═════ STORED DATA
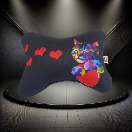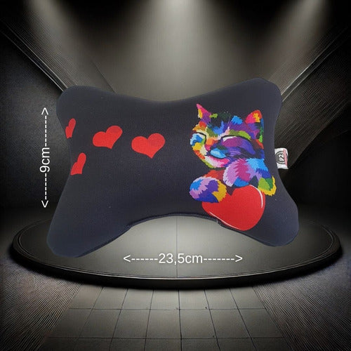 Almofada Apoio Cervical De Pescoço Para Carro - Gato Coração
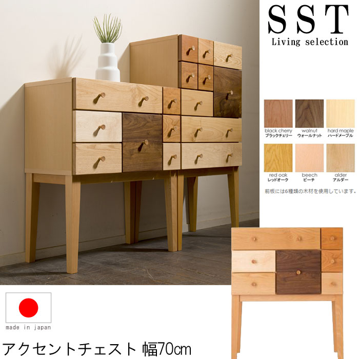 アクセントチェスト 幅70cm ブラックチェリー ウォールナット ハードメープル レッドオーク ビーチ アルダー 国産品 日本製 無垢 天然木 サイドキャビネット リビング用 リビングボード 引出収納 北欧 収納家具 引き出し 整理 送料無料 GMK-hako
══════════
═════ STORED DATA
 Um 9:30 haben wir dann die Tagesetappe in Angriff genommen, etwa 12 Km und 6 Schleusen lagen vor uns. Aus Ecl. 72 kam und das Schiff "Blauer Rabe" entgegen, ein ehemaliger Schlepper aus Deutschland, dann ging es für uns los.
══════════
═════ STORED DATA
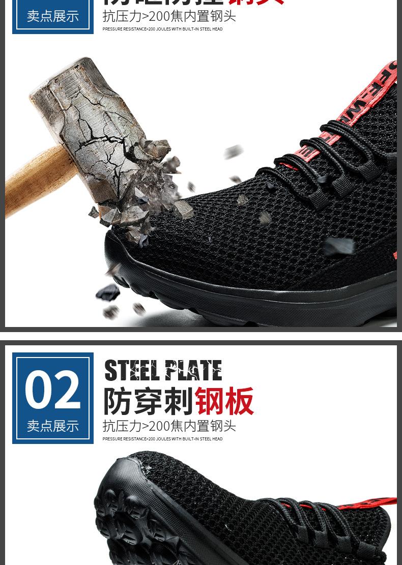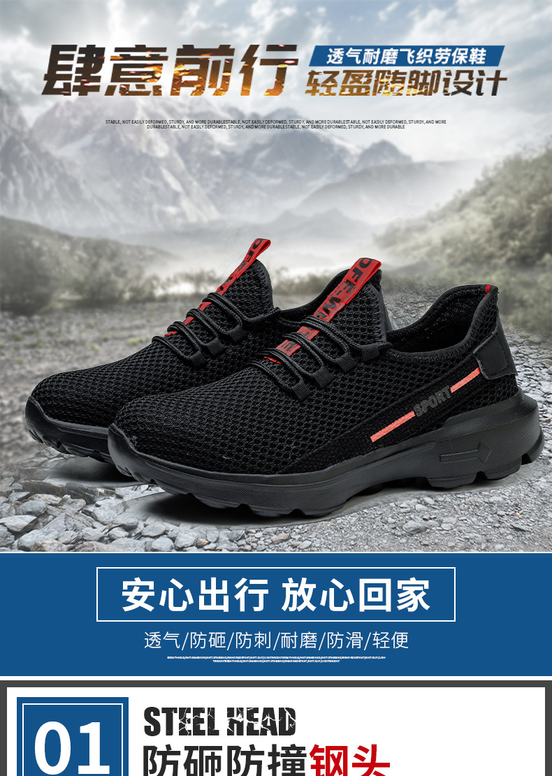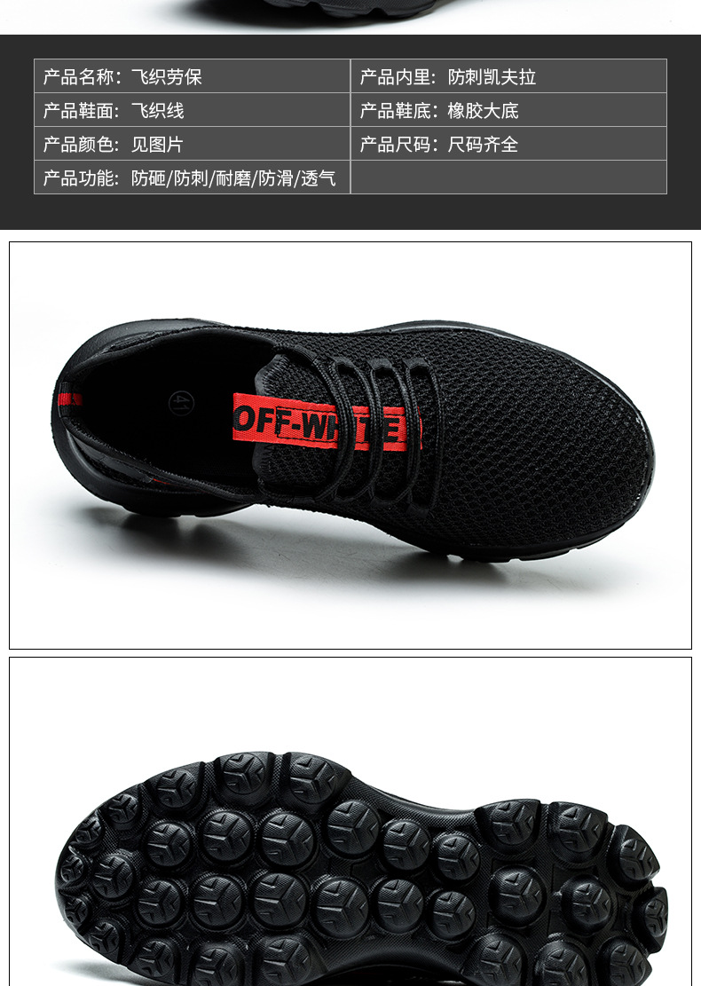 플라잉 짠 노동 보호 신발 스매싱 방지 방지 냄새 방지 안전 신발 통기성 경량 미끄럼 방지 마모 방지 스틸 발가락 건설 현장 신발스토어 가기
══════════
Copy the lines above exactly, starting at the one with "Almofada Apoio Cervical" and ending at the one with "アクセントチェスト 幅70cm ブラックチェリー", both included. Leave out any pictures and add nothing else.

 Almofada Apoio Cervical De Pescoço Para Carro - Gato Coração
 アクセントチェスト 幅70cm ブラックチェリー ウォールナット ハードメープル レッドオーク ビーチ アルダー 国産品 日本製 無垢 天然木 サイドキャビネット リビング用 リビングボード 引出収納 北欧 収納家具 引き出し 整理 送料無料 GMK-hako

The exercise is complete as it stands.